2. **Write .dockerignore** — exclude `.git`, `.env`, `node_modules`, `__pycache__`.
3. **Build locally** — `docker buildx build -t myimage:dev .`
4. **Inspect** — `docker image inspect myimage:dev` for size; `dive myimage:dev` for layer breakdown.
5. **Run as non-root check** — `docker run --rm myimage:dev id` should print `uid=65532`.
6. **Compose integration** — use `compose.yml` with health checks and `depends_on` conditions.
</workflow>
<guardrails>
## Guardrails
- **Always multi-stage** — never ship build tools, compilers, or dev dependencies in the final image.
- **Always non-root** — use `:nonroot` distroless tags or add an explicit non-root user (UID 65532). Never run as root in production.
- **Always .dockerignore** — prevents leaking `.env`, secrets, `.git`, and large directories into the build context.
- **Pin base image tags** — use full tags (`python:3.12-slim-bookworm`, not `python:latest`) to ensure reproducible builds.
- **Use BuildKit cache mounts** for all package managers to keep CI builds fast.
- **No secrets in layers** — never `COPY .env` or `RUN echo SECRET=...`. Use `--secret` mount or runtime injection.
</guardrails>
<validation>
## Validation Checkpoint
Before delivering Dockerfile or Compose config, verify:
- [ ] Multi-stage build separates builder from runtime stage
- [ ] Base image tags are pinned (no `:latest`)
- [ ] `.dockerignore` is present and excludes secrets/caches
- [ ] Final image runs as non-root (UID 65532 or equivalent)

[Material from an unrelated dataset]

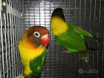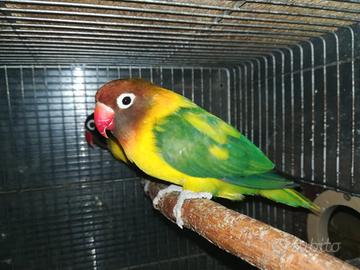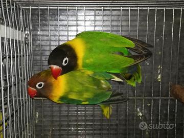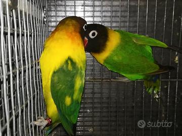 Cedesi coppia di inseparabile mascherato pezzato verde portatore di blu x verde entrambi sessati molecolarmente tramite DNA della piuma con relativo certificato di sessaggio e documentazione cites
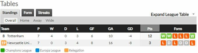 - นิวคาสเซิ่ล หาชัยชนะไม่เจอมาแล้ว 7 นัดติดต่อกัน (เกมลีก)

- [ ] No secrets baked into layers
- [ ] Cache mounts used for package manager steps
- [ ] Health check defined in Compose or Dockerfile for long-running services
</validation>
---
## References Index
For detailed guides and code examples, refer to the following documents in `references/`:
- **[Dockerfile Patterns](references/dockerfile.md)**
- Multi-stage builds, distroless images, TARGETARCH for multi-arch, non-root users, tini init, .dockerignore, uv cache mounts.
- **[Compose](references/compose.md)**
- docker-compose.yml patterns, service dependencies, volumes, networks, health checks.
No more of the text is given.